### Work instructions
Please set down only the lines below starting with the line with "前几天开源了 universal-db-mcp数据库万能连接器 ,支持MCP模式和HTTP" and going on through the line with "为深入学习贯彻习近平新时代中", verbatim and without pictures.

Stored data:
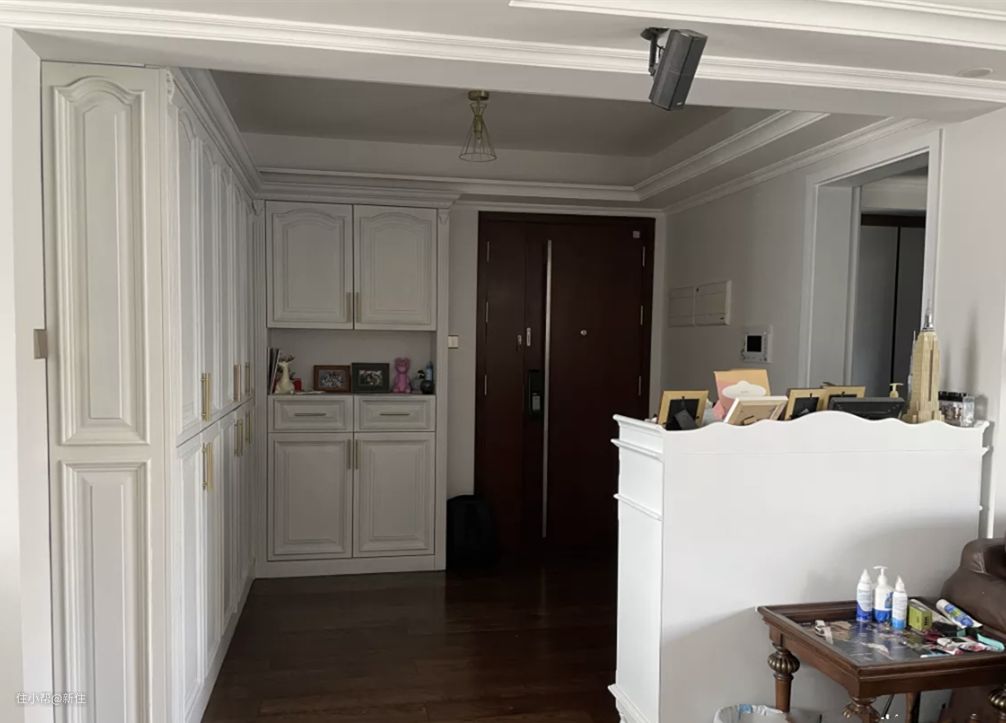 原本的玄关,柜子虽然是白色的,但线条复杂,缺少灯光的渲染,显得雍容繁杂且昏暗压抑。
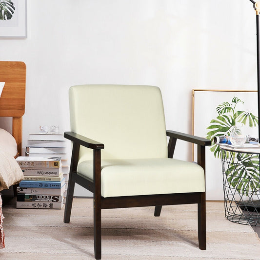 Modern Upholstered Accent Chair with Rubber Wood Legs-Beige
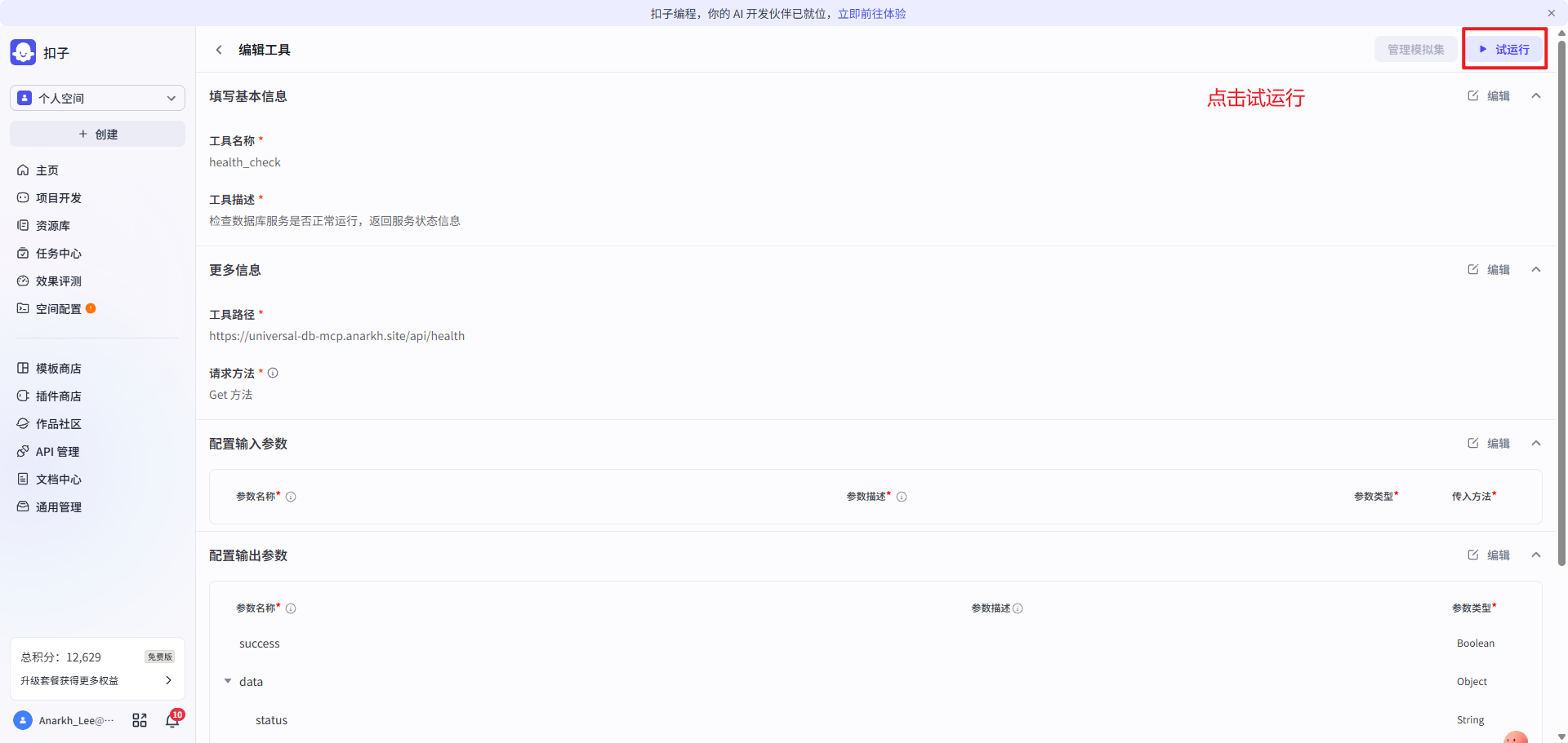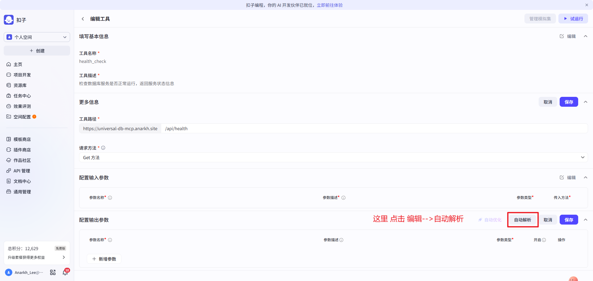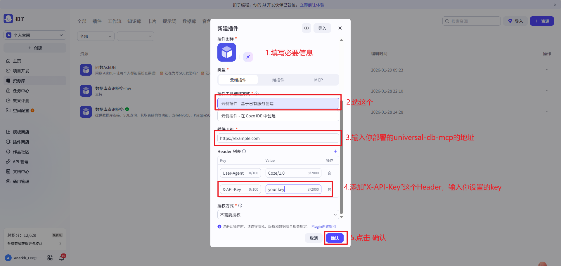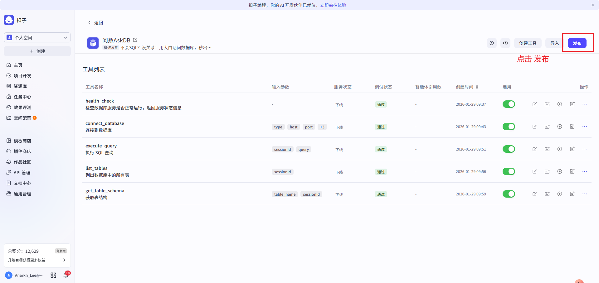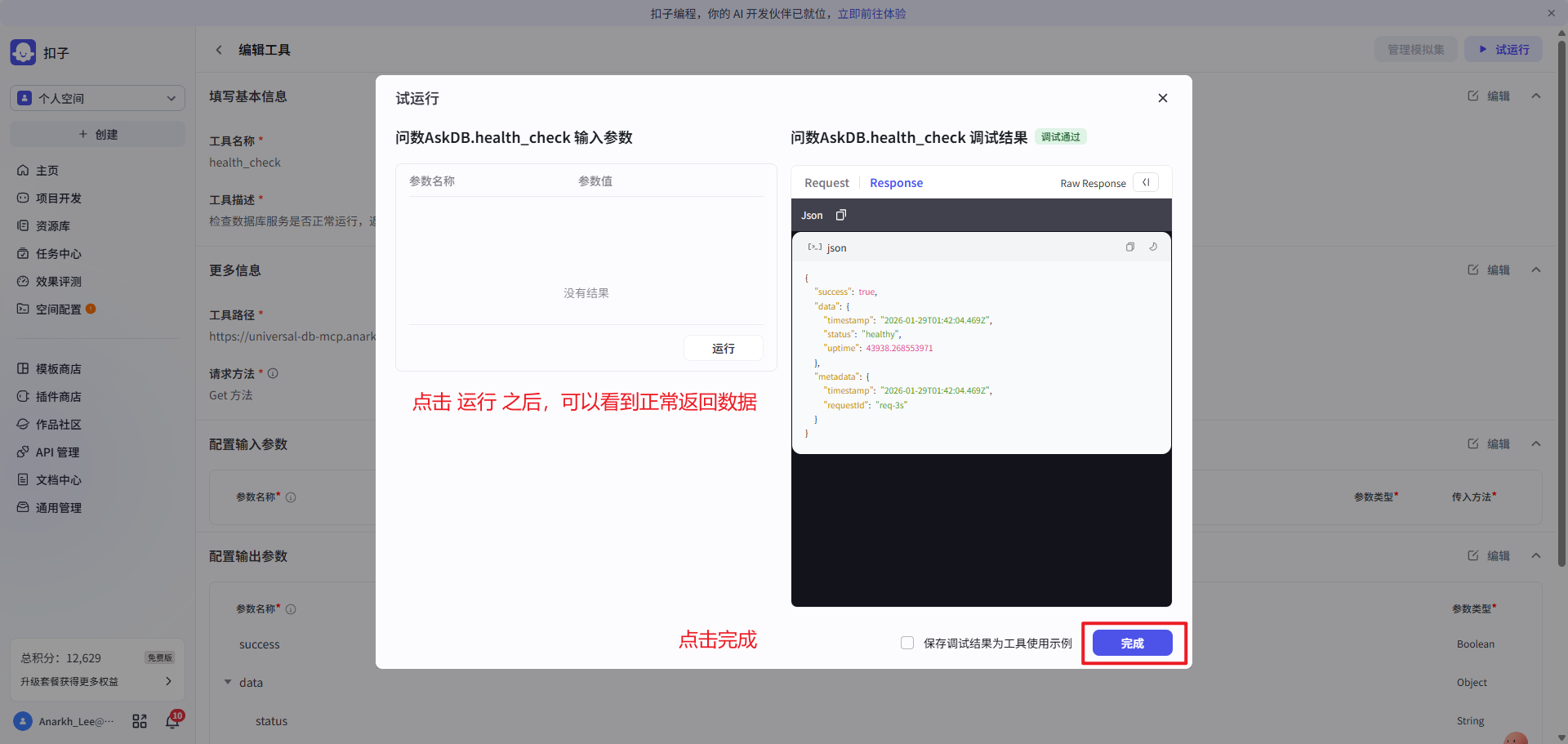 前几天开源了 universal-db-mcp数据库万能连接器 ,支持MCP模式和HTTP API模式,MCP模式直接接入Claude Desktop或者Cherry Studio这类客户端就行了,HTTP API模式一直没实际进行应用,这几天在coze中浅浅的试用了一下,效果还不错,效果大概是这个样子的:
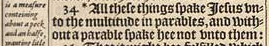 34 *All these things spake Iesus vnto the multitude in parables, and without a parable spake hee not vnto them:[*Marke 4.33.]
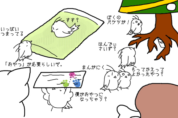 憩いの場で恐ろしい勢いでシェアされたからあげとかピザをすずめの代わりに食べてくれた食いしん坊
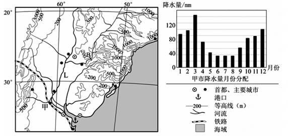 A.甲处能欣赏到瀑布景观 B.图中最高处海拔为550~600米 C.受副高影响,7月河流流量全年最小 D.乙处位于山脊(分水岭) |
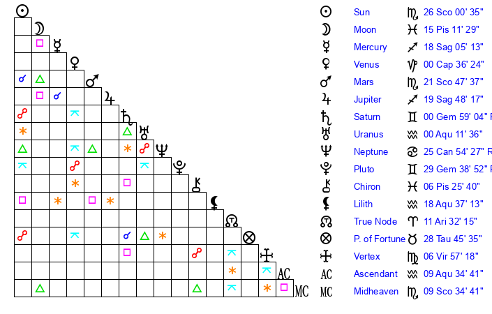 Sun | 26 Scorpio 1 | 26 Scorpio 51 | 19 Pisces 32 |
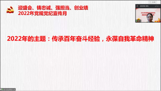 为深入学习贯彻习近平新时代中国特色社会主义思想和党中央关于全面从严治党的系列决策部署要求,认真落实《关于加强新时代廉洁文化建设的意见》,结合《天津大学2022年党规党纪宣传月活动实施方案》总体要求,根据“迎盛会、铸忠诚、强担当、创业绩”主题学习宣传教育实践活动安排,2022年5月26日13:30,学院党委副书记、副院长张玲面向全体教工党员和学生党员代表讲授专题党课,党课由教工第二党支部书记刘子川主持。
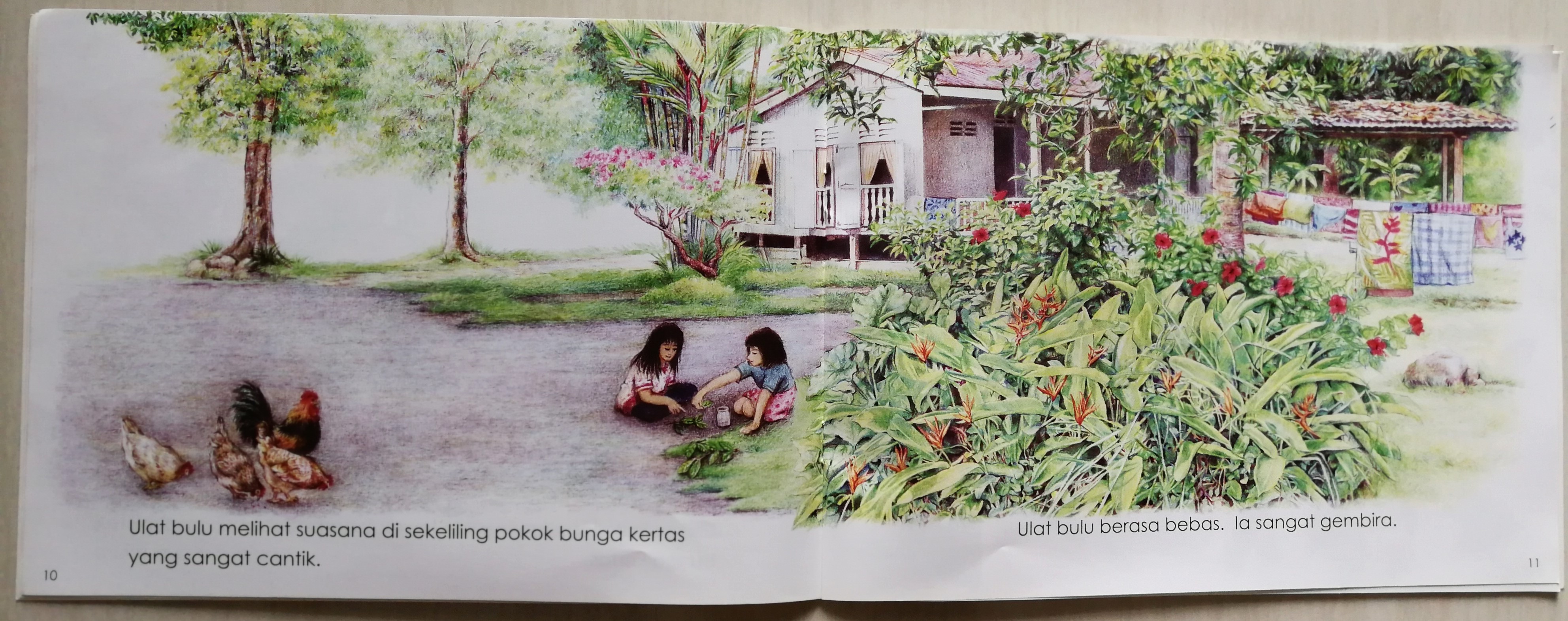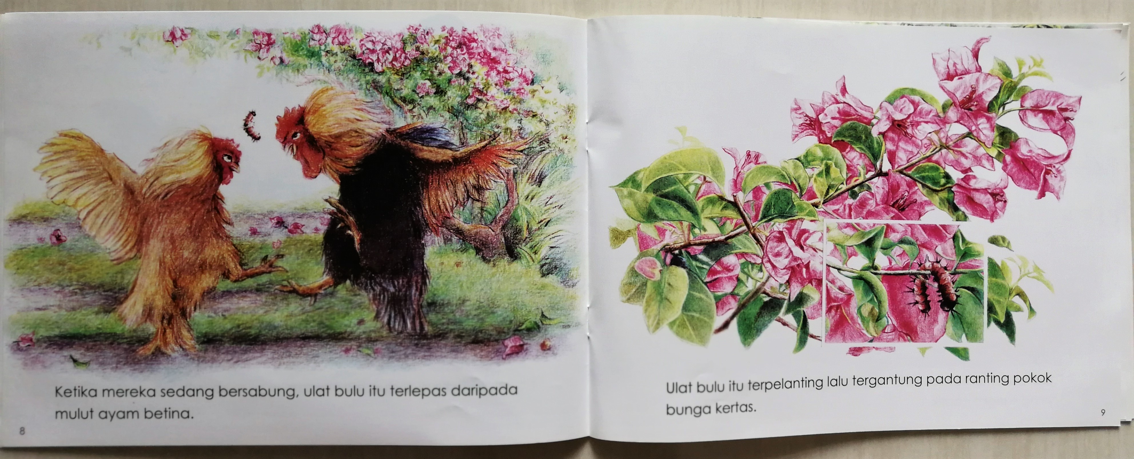 通过绘本,可以感受到作者对淳朴的Kampung生活有着浓厚的情感。一只毛毛虫觅食蜕变的冒险过程,带出熟悉的斗鸡场面,路旁的九重葛灌木,还有儿时与玩伴就地取材玩乐的情景,其实也是很多土生土长的马来西亚人的共同记忆。

### Answer below
 前几天开源了 universal-db-mcp数据库万能连接器 ,支持MCP模式和HTTP API模式,MCP模式直接接入Claude Desktop或者Cherry Studio这类客户端就行了,HTTP API模式一直没实际进行应用,这几天在coze中浅浅的试用了一下,效果还不错,效果大概是这个样子的:
 34 *All these things spake Iesus vnto the multitude in parables, and without a parable spake hee not vnto them:[*Marke 4.33.]
 憩いの場で恐ろしい勢いでシェアされたからあげとかピザをすずめの代わりに食べてくれた食いしん坊
 A.甲处能欣赏到瀑布景观 B.图中最高处海拔为550~600米 C.受副高影响,7月河流流量全年最小 D.乙处位于山脊(分水岭) |
 Sun | 26 Scorpio 1 | 26 Scorpio 51 | 19 Pisces 32 |
 为深入学习贯彻习近平新时代中国特色社会主义思想和党中央关于全面从严治党的系列决策部署要求,认真落实《关于加强新时代廉洁文化建设的意见》,结合《天津大学2022年党规党纪宣传月活动实施方案》总体要求,根据“迎盛会、铸忠诚、强担当、创业绩”主题学习宣传教育实践活动安排,2022年5月26日13:30,学院党委副书记、副院长张玲面向全体教工党员和学生党员代表讲授专题党课,党课由教工第二党支部书记刘子川主持。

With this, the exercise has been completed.